● **EXERCISE GOAL**:
Using the listing below, output only the lines from the one that contains "Using a sharp" through the one that contains "Chinese State Councilor", inclusive, exactly as given and without images.

● **SOURCE MATERIAL**:

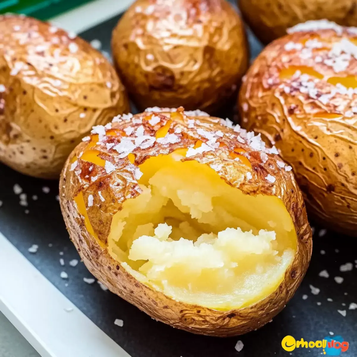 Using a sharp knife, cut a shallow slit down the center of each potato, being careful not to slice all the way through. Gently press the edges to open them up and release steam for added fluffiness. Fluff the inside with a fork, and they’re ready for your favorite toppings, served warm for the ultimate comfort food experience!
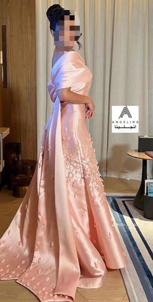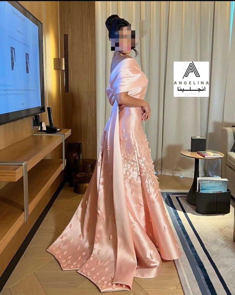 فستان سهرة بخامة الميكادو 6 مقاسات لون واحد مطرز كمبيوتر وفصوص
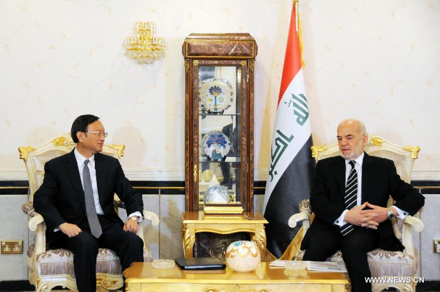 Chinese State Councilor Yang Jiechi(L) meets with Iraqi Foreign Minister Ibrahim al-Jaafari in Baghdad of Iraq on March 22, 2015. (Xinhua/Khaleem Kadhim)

--

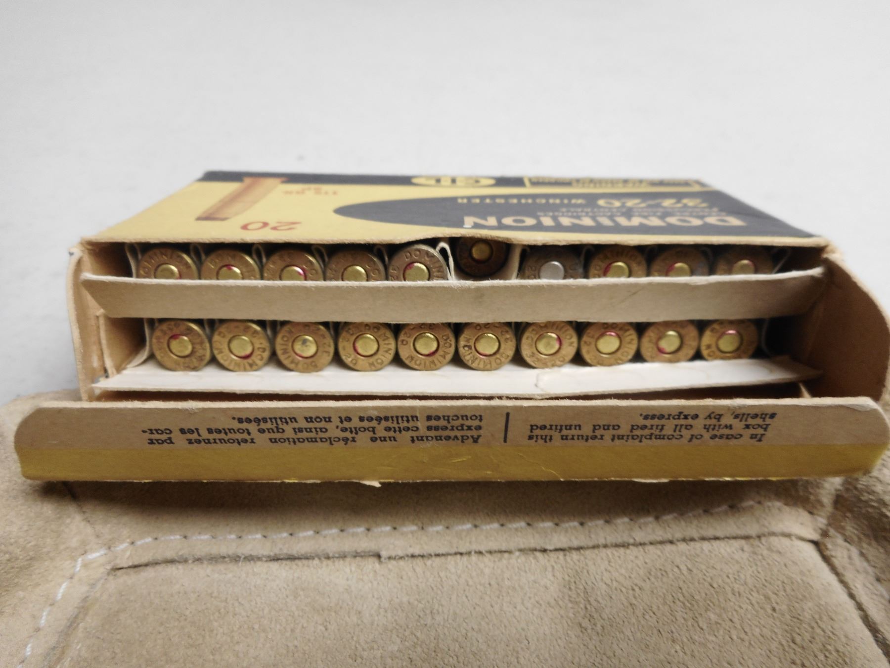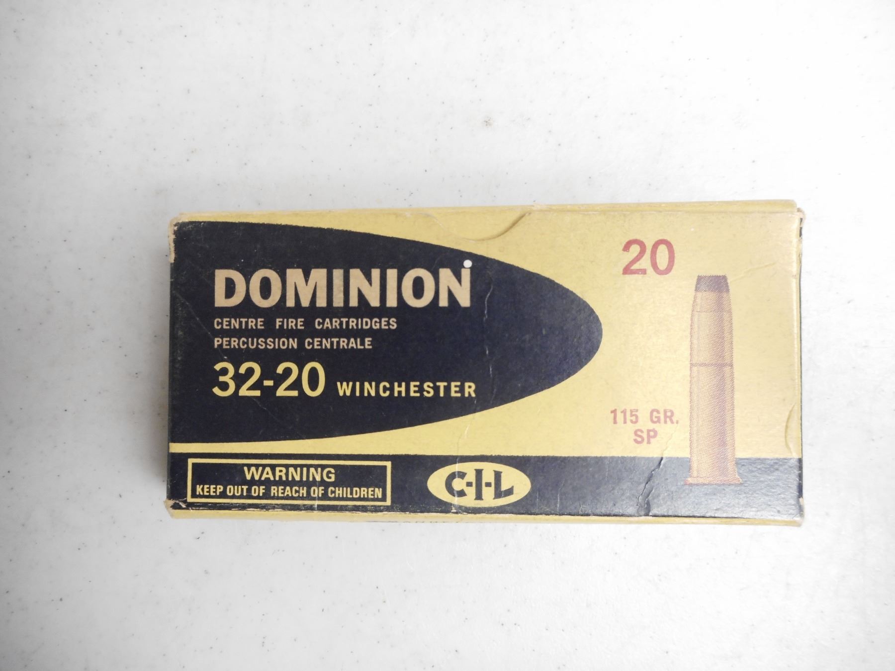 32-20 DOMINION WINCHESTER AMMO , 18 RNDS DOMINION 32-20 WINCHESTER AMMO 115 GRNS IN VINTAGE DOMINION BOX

* * *

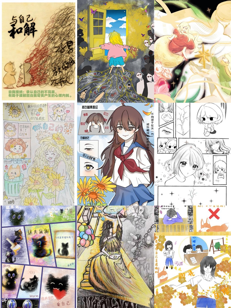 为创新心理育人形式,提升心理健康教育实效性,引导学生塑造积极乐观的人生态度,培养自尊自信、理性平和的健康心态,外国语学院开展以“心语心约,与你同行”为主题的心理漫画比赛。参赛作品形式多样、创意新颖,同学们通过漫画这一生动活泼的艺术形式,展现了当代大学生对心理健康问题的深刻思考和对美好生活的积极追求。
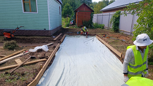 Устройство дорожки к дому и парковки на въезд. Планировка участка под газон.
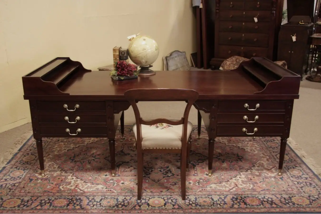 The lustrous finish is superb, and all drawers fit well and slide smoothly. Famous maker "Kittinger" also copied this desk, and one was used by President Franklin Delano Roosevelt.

● **RESPONSE FOR THIS EXERCISE**:
 Using a sharp knife, cut a shallow slit down the center of each potato, being careful not to slice all the way through. Gently press the edges to open them up and release steam for added fluffiness. Fluff the inside with a fork, and they’re ready for your favorite toppings, served warm for the ultimate comfort food experience!
 فستان سهرة بخامة الميكادو 6 مقاسات لون واحد مطرز كمبيوتر وفصوص
 Chinese State Councilor Yang Jiechi(L) meets with Iraqi Foreign Minister Ibrahim al-Jaafari in Baghdad of Iraq on March 22, 2015. (Xinhua/Khaleem Kadhim)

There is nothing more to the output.